• What you need to do: Please return the data word for word and leave out any picture it contains.
:: Supplied data ::
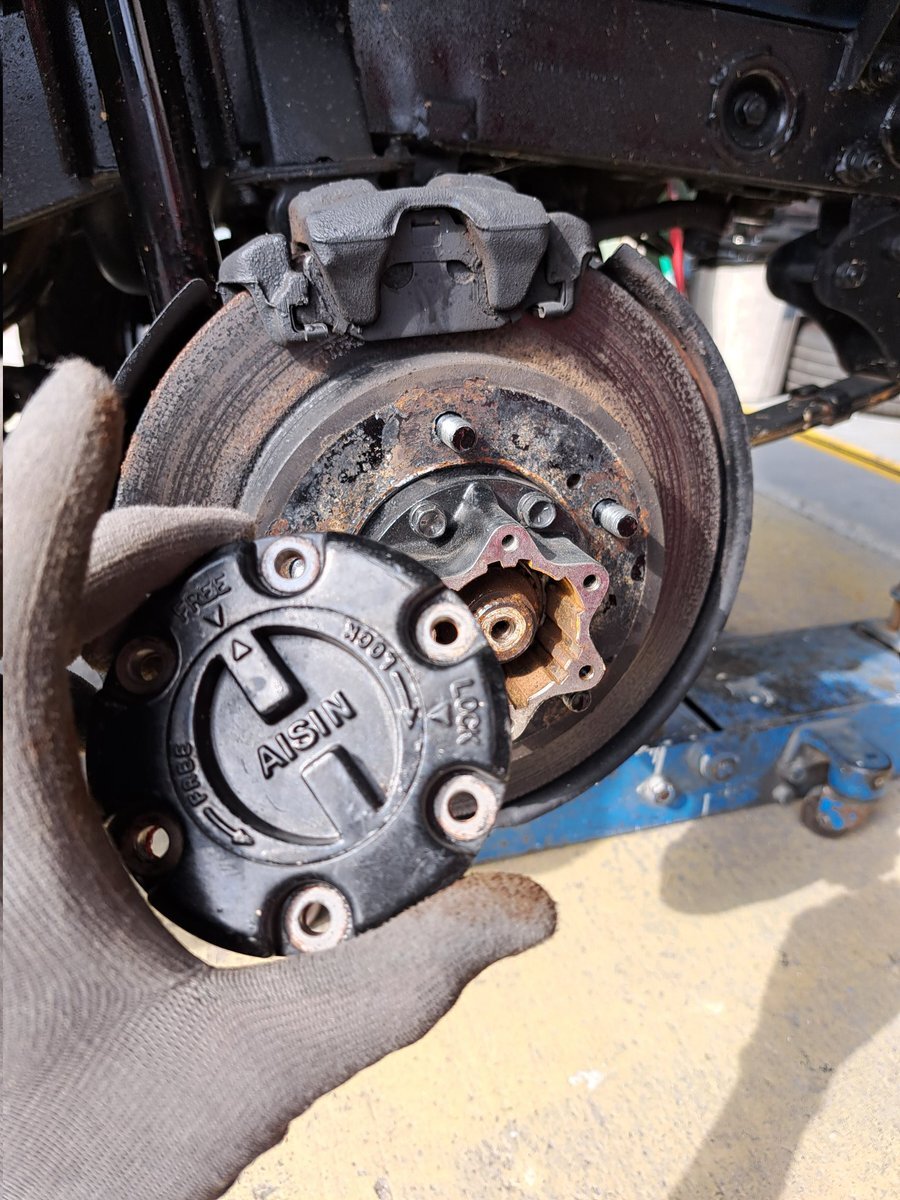 Jimnyフロント駆動せんかったから ばらしたら中サビサビ、反対側固着分解してたから昼の一時間でわからせた😢 左右ばらして清掃して錆び取ってグリスアップ、反対は歯車とスプリング分解されてたから点溶接して固定グリスアップ組み付け 昨日試乗行ったら登れんかったとこ登れたwww #ja11 pic.x.com/eaoYyZJXVZ
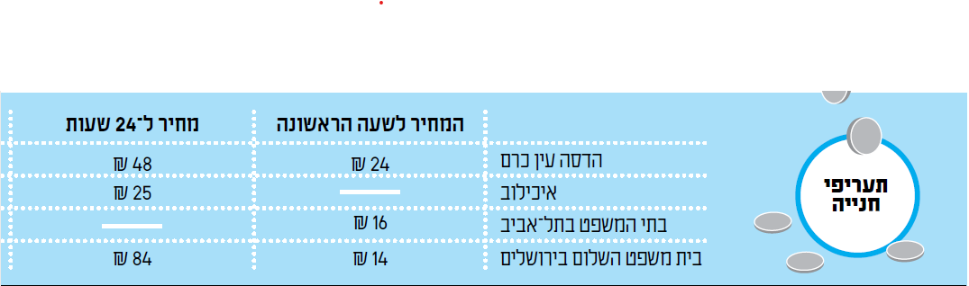 במכרזים הישנים של משרד האוצר מצאתי שחניה של ארבע שעות בבתי המשפט בחיפה אמורה לעלות לי כ־27 שקלים, ובבאר־שבע 25 שקלים. בראשון־לציון שילמתי הרבה יותר, וזאת משום שמפעילת החניה שם היא חברה פרטית שנחשבת לספק יחיד, ולכן קל לה יותר לדרוש מחיר גבוה. בתל־אביב החניונים שייכים ל"אחוזות החוף", חברה בבעלות עיריית תל־אביב, ושם בין שבע בבוקר לארבע אחר הצהריים נשלם 16 שקלים לכל שעת חניה.
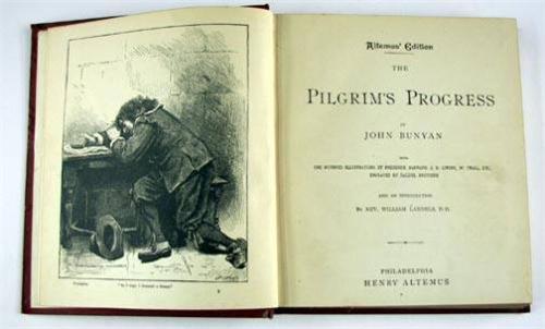 Bunyan's Pilgrim's Progress, by John Bunyan, 100 illustrations including works by Frederick Barnard, J.D. Linton, W. Small and the Danziel Brothers., published by Henry Altemus of Philadelphia, 1890, from the Estate of Charles Bunnell, Condition: Very Good, minor cover wear, several page with a 1" tear inside - does not tear into the text, no dust jacket
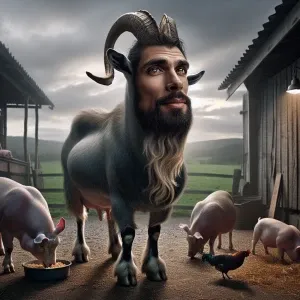 «A majestic, powerfully built goat with the head of a 30-year-old...»
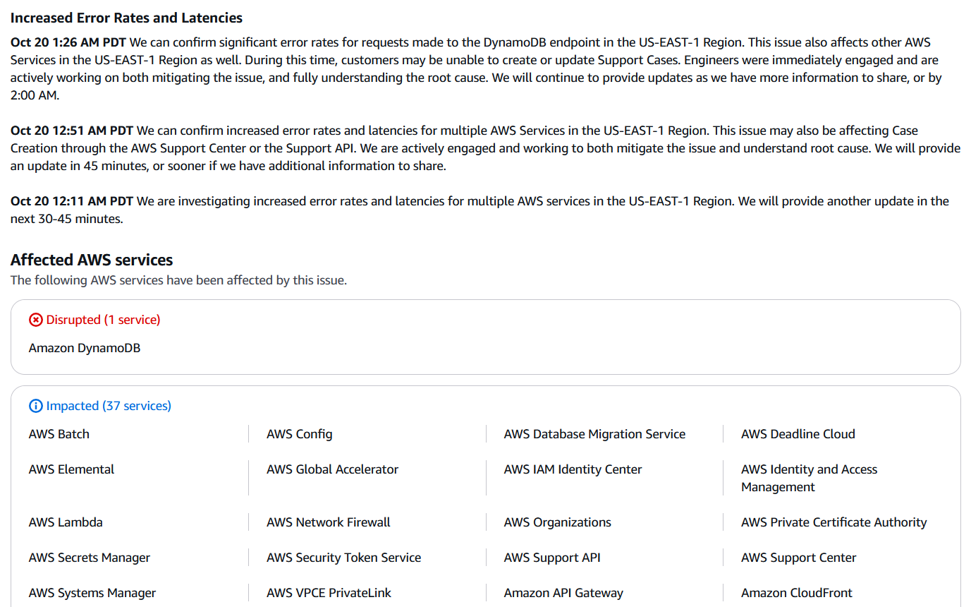 However we do rely on Amazon DynamoDB for some of the Inflectra.ai functionality, and that may be temporarily unavailable due to the outage.
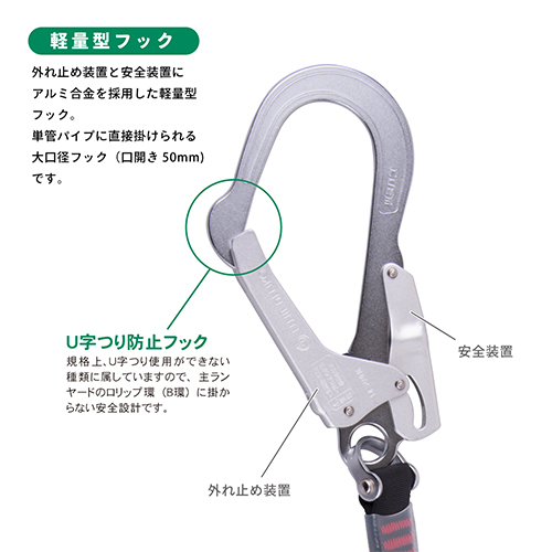 | 口開き | 構造物側:50mm | D環 | 補助ロープ用:ベルト幅50mm用 |
:::
• Result of this exercise:
 Jimnyフロント駆動せんかったから ばらしたら中サビサビ、反対側固着分解してたから昼の一時間でわからせた😢 左右ばらして清掃して錆び取ってグリスアップ、反対は歯車とスプリング分解されてたから点溶接して固定グリスアップ組み付け 昨日試乗行ったら登れんかったとこ登れたwww #ja11 pic.x.com/eaoYyZJXVZ
 במכרזים הישנים של משרד האוצר מצאתי שחניה של ארבע שעות בבתי המשפט בחיפה אמורה לעלות לי כ־27 שקלים, ובבאר־שבע 25 שקלים. בראשון־לציון שילמתי הרבה יותר, וזאת משום שמפעילת החניה שם היא חברה פרטית שנחשבת לספק יחיד, ולכן קל לה יותר לדרוש מחיר גבוה. בתל־אביב החניונים שייכים ל"אחוזות החוף", חברה בבעלות עיריית תל־אביב, ושם בין שבע בבוקר לארבע אחר הצהריים נשלם 16 שקלים לכל שעת חניה.
 Bunyan's Pilgrim's Progress, by John Bunyan, 100 illustrations including works by Frederick Barnard, J.D. Linton, W. Small and the Danziel Brothers., published by Henry Altemus of Philadelphia, 1890, from the Estate of Charles Bunnell, Condition: Very Good, minor cover wear, several page with a 1" tear inside - does not tear into the text, no dust jacket
 «A majestic, powerfully built goat with the head of a 30-year-old...»
 However we do rely on Amazon DynamoDB for some of the Inflectra.ai functionality, and that may be temporarily unavailable due to the outage.
 | 口開き | 構造物側:50mm | D環 | 補助ロープ用:ベルト幅50mm用 |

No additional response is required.